The task:
Could you please transcribe the data exactly, without the pictures?

Information shown:
***

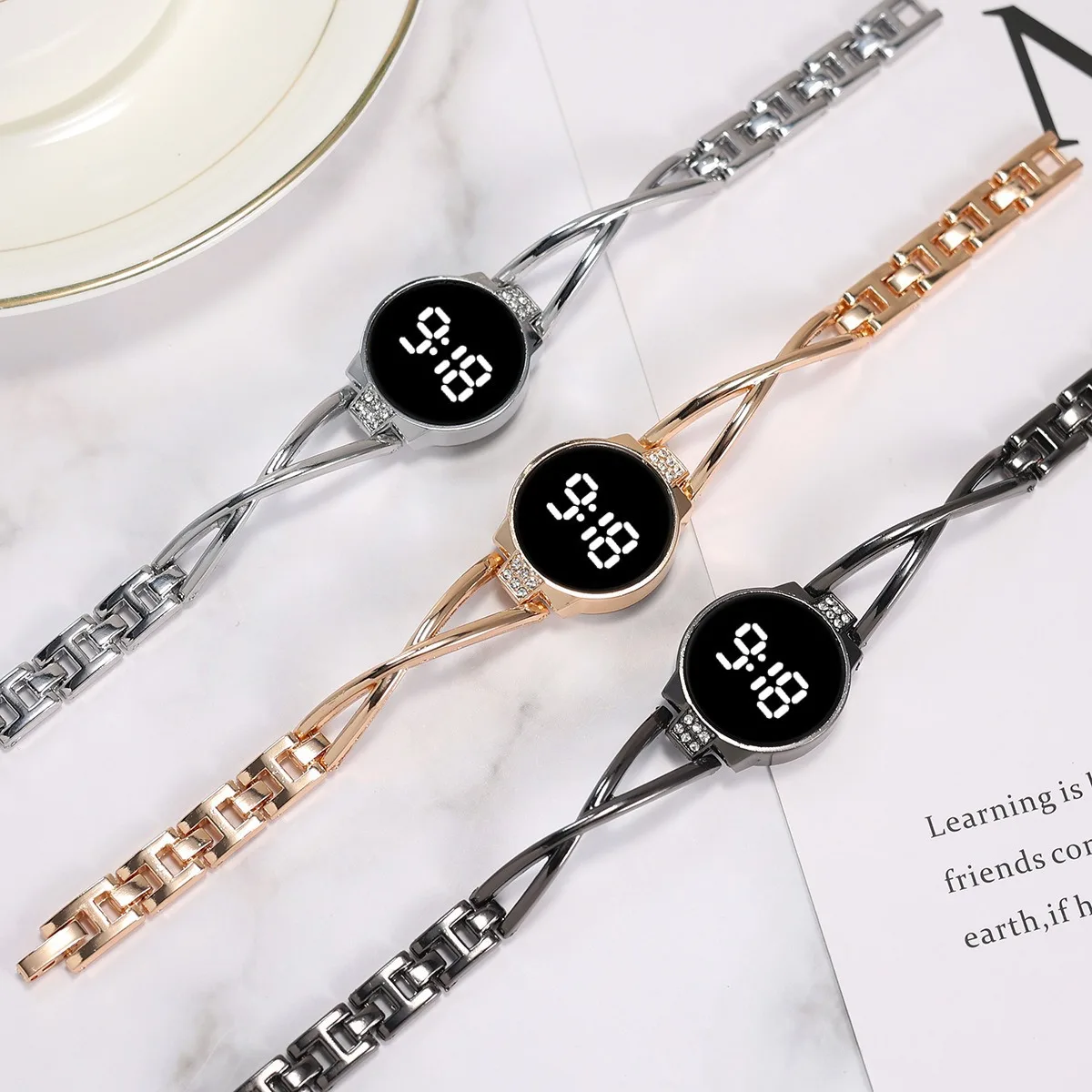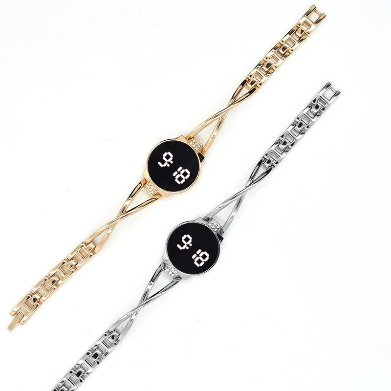 MAYZHISU Fashion LED Watch for Women Touch Screen Ladies Wristwatch Digital Clock Steel Band Electronic Female Bracelet Watch
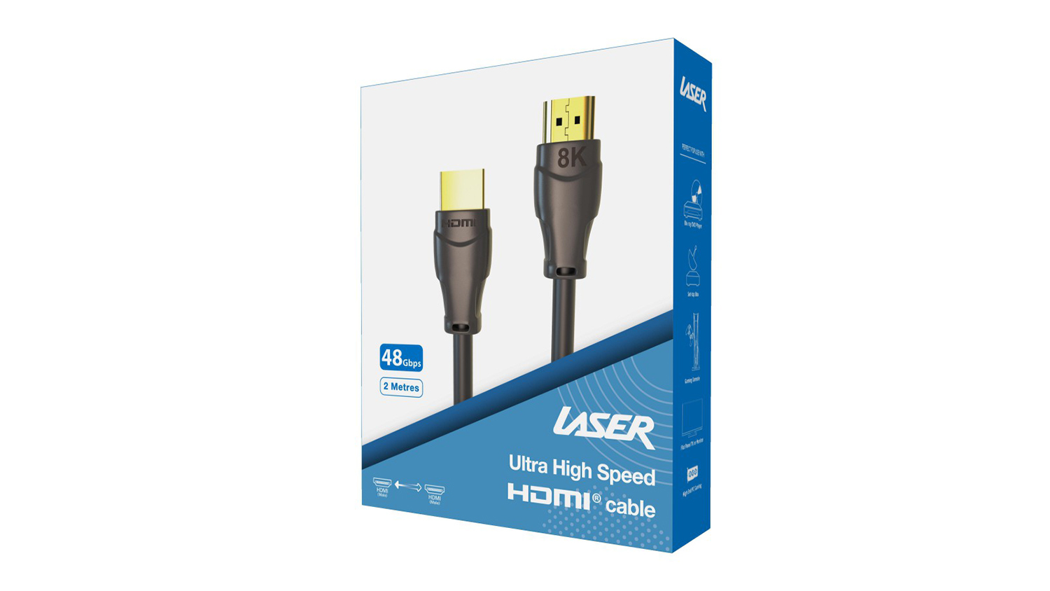 Elevate your home theatre and gaming experience with the Laser 8K Gold HDMI 2.1 Cable! A must-have for your entertainment setups, this reliable cable delivers superior 8K and 4K resolution output for an immersive viewing experience. It is also engineered with gold-plated connectors to deliver lossless signal transmission and enhanced durability. Plus, its 2-metre cable length offers ample flexibility for connecting your devices.
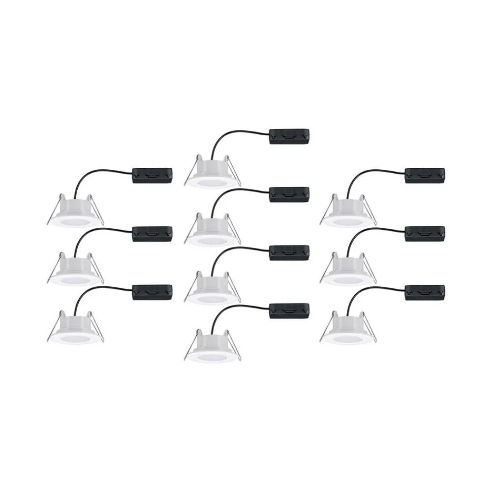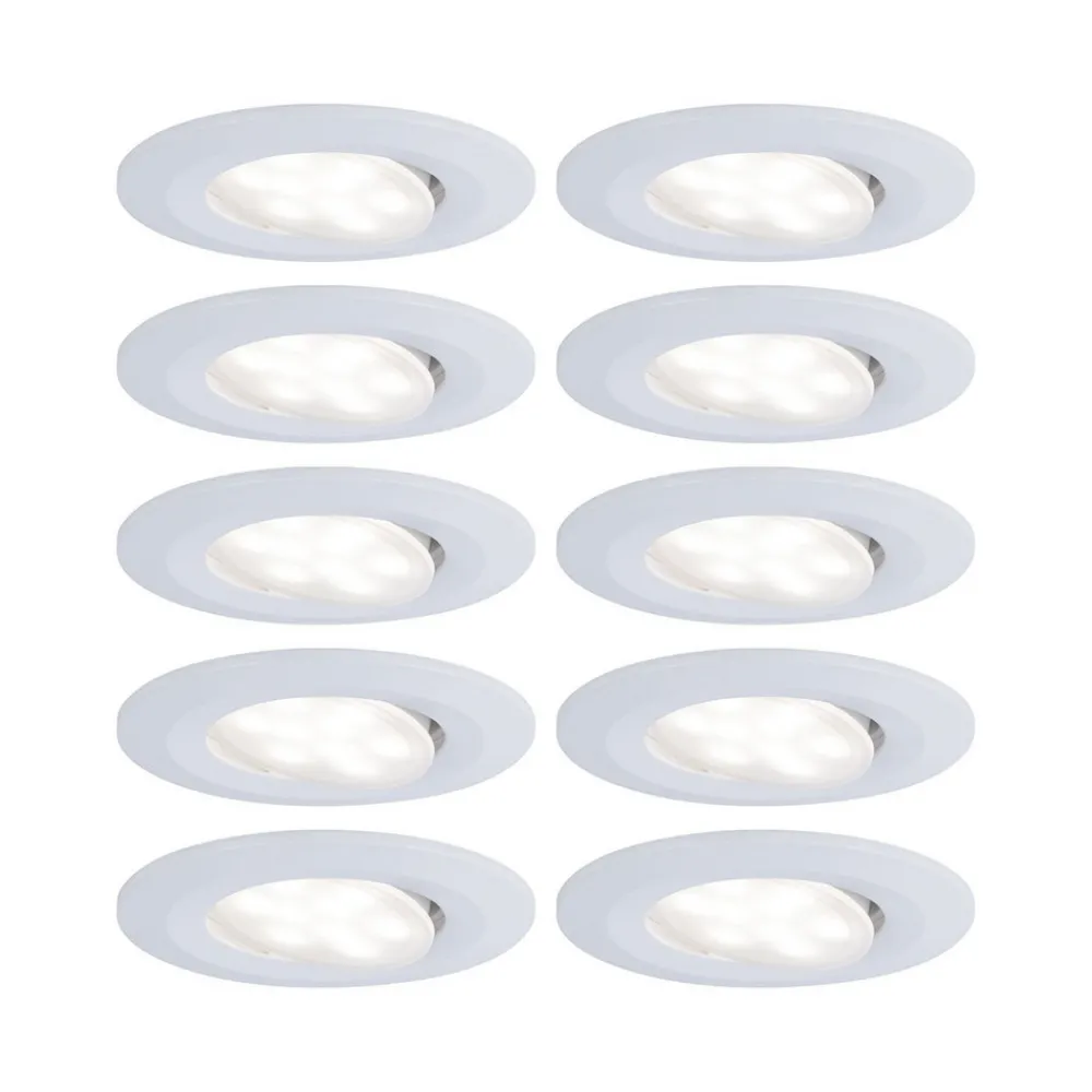 Vannstrålebeskyttet Calla innfelt LED-spotlight i sett med 10 stk. for takmontering i utendørs og fuktige områder Med Calla tilbyr Paulmann en mester i allsidighet. Fra utendørs og fuktige områder, salgs- og kontorlokaler til baderom og korridorer i private hjem, fungerer den innfelte LED-lampen som en effektiv, men likevel visuelt diskret lyskilde i taket. Den praktiske 10-pakningen kan også brukes til å utstyre større rom eller områder. Modulen med de energieffektive LED-lampene, som har en strålevinkel på 100° og kan svinges innenfor et område på 30°, er plassert i midten av en plastsirkel. Det hvite universallyset avgis blendingsfritt gjennom en matt avdekning. Innbyggingsspottene kan kobles direkte til 230 V-utgangen og kobles sammen.

***

Response to this exercise:
 MAYZHISU Fashion LED Watch for Women Touch Screen Ladies Wristwatch Digital Clock Steel Band Electronic Female Bracelet Watch
 Elevate your home theatre and gaming experience with the Laser 8K Gold HDMI 2.1 Cable! A must-have for your entertainment setups, this reliable cable delivers superior 8K and 4K resolution output for an immersive viewing experience. It is also engineered with gold-plated connectors to deliver lossless signal transmission and enhanced durability. Plus, its 2-metre cable length offers ample flexibility for connecting your devices.
 Vannstrålebeskyttet Calla innfelt LED-spotlight i sett med 10 stk. for takmontering i utendørs og fuktige områder Med Calla tilbyr Paulmann en mester i allsidighet. Fra utendørs og fuktige områder, salgs- og kontorlokaler til baderom og korridorer i private hjem, fungerer den innfelte LED-lampen som en effektiv, men likevel visuelt diskret lyskilde i taket. Den praktiske 10-pakningen kan også brukes til å utstyre større rom eller områder. Modulen med de energieffektive LED-lampene, som har en strålevinkel på 100° og kan svinges innenfor et område på 30°, er plassert i midten av en plastsirkel. Det hvite universallyset avgis blendingsfritt gjennom en matt avdekning. Innbyggingsspottene kan kobles direkte til 230 V-utgangen og kobles sammen.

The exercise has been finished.